What the Bishops have over Prince is breadth. Understanding Deep Learning is an excellent one-semester treatment; Deep Learning: Foundations and Concepts is a two-semester reference. If you’re teaching a course, you can cover Bishop linearly and have something useful in every week. If you’re self-studying, you can use it as a problem-set generator and an honest-to-god index for hard topics. Murphy’s books are deeper but more punishing; Goodfellow is older and increasingly stale. Bishop sits in a real gap.

Who should read it

If you’re a graduate student starting an ML PhD, yes.
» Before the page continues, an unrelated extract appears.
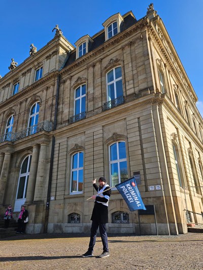Steffen Mayer - vor dem Finanzministerium BW - mit klarem Fingerzeig, wer jetzt handeln muss! (Bildquelle: BDK-BW)

This is the best single textbook covering the modern deep-learning toolkit at the depth a researcher needs. Pair it with Murphy’s Probabilistic Machine Learning: Advanced Topics (2023) for theoretical depth and Goodfellow et al. for the historical context Bishop skips.

If you’re a working software engineer who wants to understand what’s under the hood of the LLM you’re calling, this is probably overkill, but the diffusion and transformer chapters specifically are worth the price. Skim the probability chapters; you don’t need them for the engineering work.

If you’re an undergraduate just starting out, this is too dense for a first ML book. Read Hands-On Machine Learning by Géron first, or one of the freely available Stanford CS course notes. Come back to Bishop when you’re hungry for a reference.

If you’ve already read PRML, don’t expect to learn nothing, but expect Chapters 2–9 to be familiar. Skip to the second half. The diffusion chapter alone justifies pulling the book off the shelf.

A last note on the genre. Textbooks in fast-moving fields age. Bishop is candid about this in the preface, where he says he’s chosen to focus on “ideas that are likely to endure the test of time” rather than the latest implementations. That’s the right call. The specific architectures of 2025 won’t all matter in 2030, but the probability theory will, the gradient-based optimization will, and the variational frameworks for generative modelling probably will. Deep Learning: Foundations and Concepts is an honest attempt to teach the durable parts of a non-durable field. It doesn’t always hit. But it hits often enough that we’ll be using it for years.